TO DO ▸
Copy every entry exactly, but skip the pictures.
──────── RAW DATA ────────
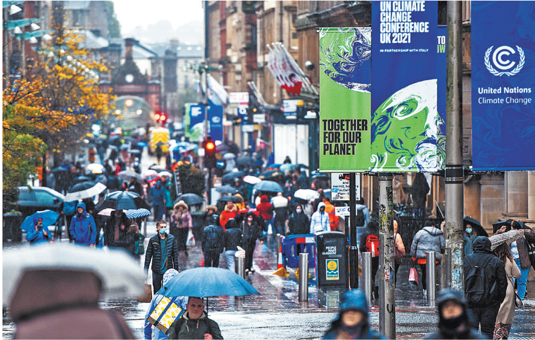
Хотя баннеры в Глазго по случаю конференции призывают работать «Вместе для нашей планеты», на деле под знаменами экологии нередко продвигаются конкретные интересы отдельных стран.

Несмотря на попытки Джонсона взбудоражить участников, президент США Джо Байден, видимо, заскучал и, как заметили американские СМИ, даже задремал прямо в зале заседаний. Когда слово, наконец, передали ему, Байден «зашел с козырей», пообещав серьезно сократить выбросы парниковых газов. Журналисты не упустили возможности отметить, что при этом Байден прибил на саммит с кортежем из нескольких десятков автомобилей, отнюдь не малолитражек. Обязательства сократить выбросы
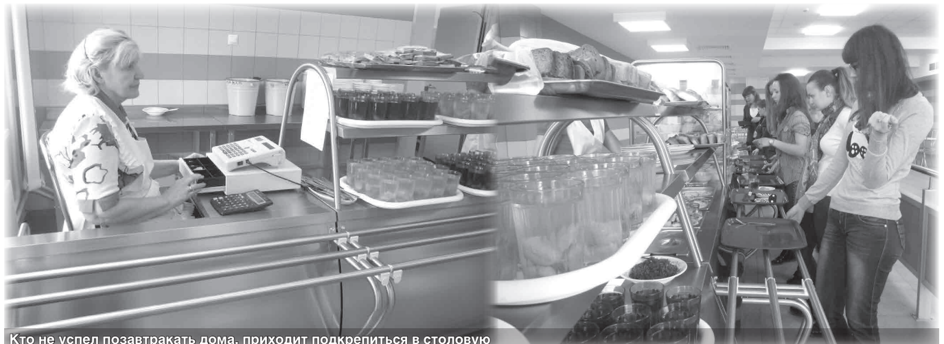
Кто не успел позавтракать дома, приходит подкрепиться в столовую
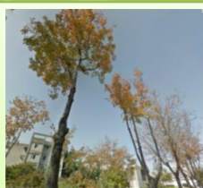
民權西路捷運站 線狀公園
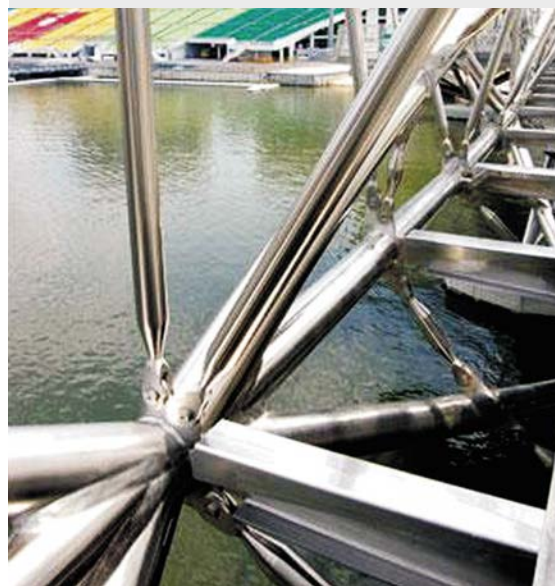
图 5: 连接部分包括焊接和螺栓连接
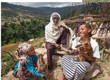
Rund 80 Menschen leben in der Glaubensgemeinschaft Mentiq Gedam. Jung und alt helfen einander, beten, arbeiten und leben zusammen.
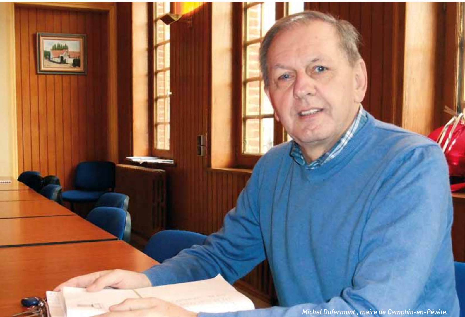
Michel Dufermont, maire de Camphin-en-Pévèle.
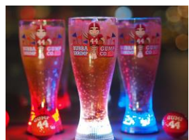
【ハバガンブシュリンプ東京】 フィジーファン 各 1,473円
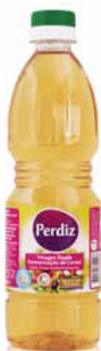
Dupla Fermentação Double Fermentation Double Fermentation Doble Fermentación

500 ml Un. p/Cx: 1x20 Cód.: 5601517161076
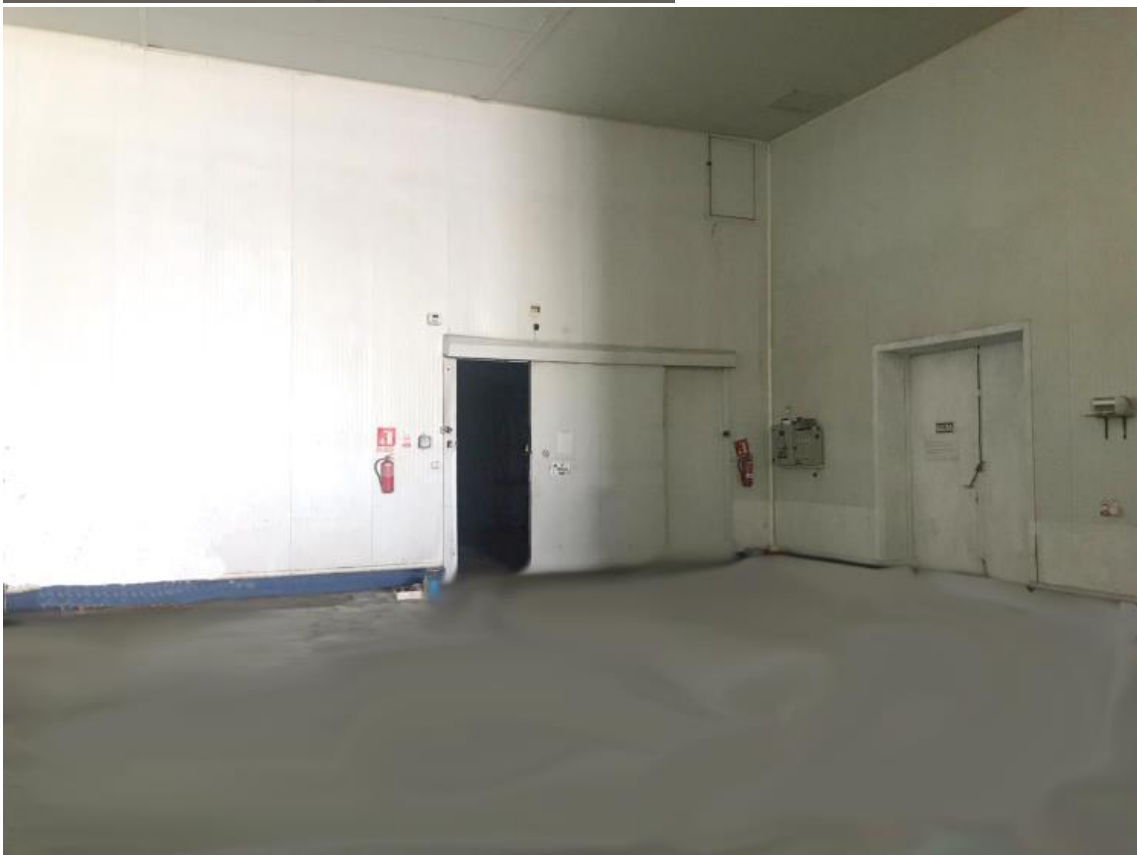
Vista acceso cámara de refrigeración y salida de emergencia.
────────
EXERCISE SOLUTION ▸
Хотя баннеры в Глазго по случаю конференции призывают работать «Вместе для нашей планеты», на деле под знаменами экологии нередко продвигаются конкретные интересы отдельных стран.

Несмотря на попытки Джонсона взбудоражить участников, президент США Джо Байден, видимо, заскучал и, как заметили американские СМИ, даже задремал прямо в зале заседаний. Когда слово, наконец, передали ему, Байден «зашел с козырей», пообещав серьезно сократить выбросы парниковых газов. Журналисты не упустили возможности отметить, что при этом Байден прибил на саммит с кортежем из нескольких десятков автомобилей, отнюдь не малолитражек. Обязательства сократить выбросы
Кто не успел позавтракать дома, приходит подкрепиться в столовую
民權西路捷運站 線狀公園
图 5: 连接部分包括焊接和螺栓连接
Rund 80 Menschen leben in der Glaubensgemeinschaft Mentiq Gedam. Jung und alt helfen einander, beten, arbeiten und leben zusammen.
Michel Dufermont, maire de Camphin-en-Pévèle.
【ハバガンブシュリンプ東京】 フィジーファン 各 1,473円
Dupla Fermentação Double Fermentation Double Fermentation Doble Fermentación

500 ml Un. p/Cx: 1x20 Cód.: 5601517161076
Vista acceso cámara de refrigeración y salida de emergencia.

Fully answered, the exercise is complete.